Sharply $k$-transitive actions on spheres

First, I'm always thinking of $k\geq 1$ and $n\geq 1$. With that in mind, the result is the following:

A topological group $G$ acts sharply $k$-transitively on $S^n$ iff $(n,k) \in \{(1,1), (1,2), (1,3), (2,3), (3,1), (3,2)\}.$

According to your link above, you cannot have a sharply $k$-transitive action for any $k\geq 4$, so we only need to understand what happens for small $k$.

To that end, recall that for a topological space $X$, the configuration space of ordered $k$-tuples in $X$ is the set $X^k\setminus \Delta$, where $\Delta = \{(x_1,...,x_k)\in X^k: x_i\neq x_j\text{ for any } i\neq j\}$. I'll write $C^k X$ for this space. Note that if $X$ is a smooth manifold, then $C^k X\subseteq X^k$ is an open subset, so is naturally a smooth manifold.

Proposition: A topological group $G$ acts sharply $k$-transitively on $S^n$ iff $C^k S^n$ has the structure of a Lie group.

Proof: A $G$-action on $S^n$ gives rise to a $G$-action on $C^k S^n$ by the formula $g\ast(x_1,...,x_k) = (g x_1 , ... g x_k)$. Then a sharply $k$-transitive action of $G$ on $S^n$ is obviously the same as a simply transitive action of $G$ on $C^k S^n$.

Now, if $C^k S^n$ is a Lie group, then taking $G = C^k S^n$, $G$ acts on itself simply transitively by left multiplication, so acts on $S^n$ sharply $k$-transitively.

Conversely, if the $G$-action is sharply $k$-transtiive, then fixing a point $p\in C^k S^n$, the map $G\rightarrow C^k S^n$ given by $g\mapsto g\ast p$ is a homeomorphism. Thus, $C^k S^n$ has a topological group structure. But $C^k S^n$ is locally Euclidean, so using the solution of Hilbert's 5th problem (due to Gleason, Montgomery, and Zippen), $C^k S^n$ is a Lie group. $\square$.

Now, if $k=1$, then $C^1 S^n = S^n$, and, as you said, this is only a Lie group when $n=1,3$.

For $k=2$, we have the following proposition.

Proposition: If $k=2$, then $n = 1$ or $n=3$. Conversely, there are sharply $2$-transitive actions of $\mathbb{R}\times S^1$ on $S^1$, and of $\mathbb{R}^3\times S^3$ on $S^3$.

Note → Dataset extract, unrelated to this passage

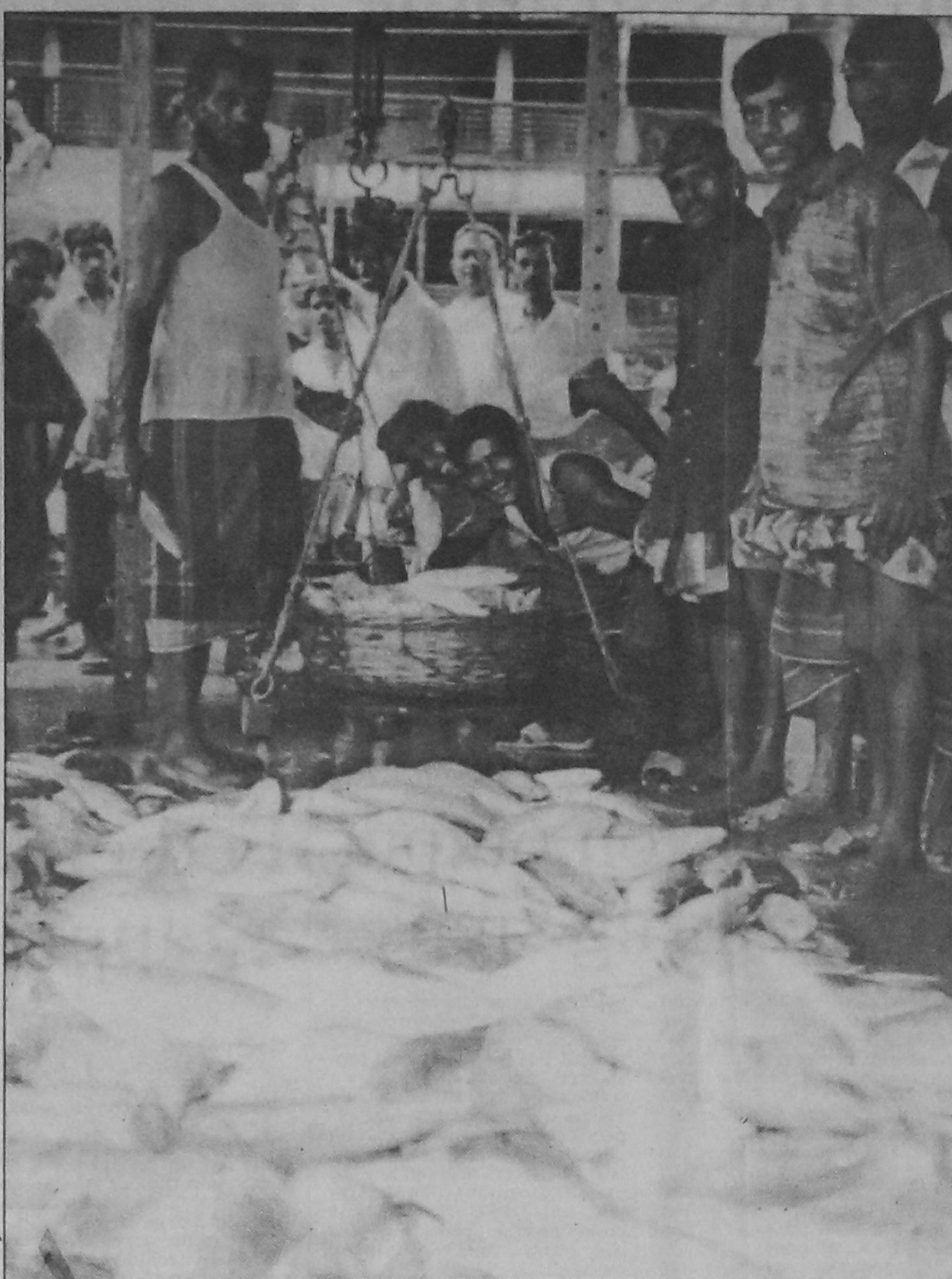
Unabated fishing of Hilsa fries in the southern districts created an acute crisis of the fish last year. Such trend is also going on this season defying the government ban. Immediate measures should be taken to check such practice. This picture was recently from a wholesale market in Barisal where trading of Hilsa fries is going on at random.

On the other hand, thousands of professional fishermen of Faridpur region have been facing numerous problems including shortage of funds and price hike of fishing materials. Earlier different kinds of fish were available in abundance in ponds, beels, canals and rivers but now the situation has

Proof: The projection map onto the first factor $X^2\rightarrow X$ induces a map $C^2 X\rightarrow C^1 X$ which is a fiber bundle with fiber $X\setminus\{p\}$. When $X = S^n$, this shows that $C^2 S^n$ is an $\mathbb{R}^{n}$-bundle over $S^n$. In particular, $C^2 S^n$ deformation retracts onto $S^n$, and so, $H^n(C^2 S^n;\mathbb{Q})$ is the first non-trivial reduced cohomology group.

Now, every connected non-compact Lie group deformation retracts onto its maximal compact subgroup, and every compact Lie group of positive dimension has $H^1$ or $H^3$ non-trivial. In particular, since $H^n(C^2 S^n; \mathbb{Q})\neq 0$, $n=1$ or $n=3$.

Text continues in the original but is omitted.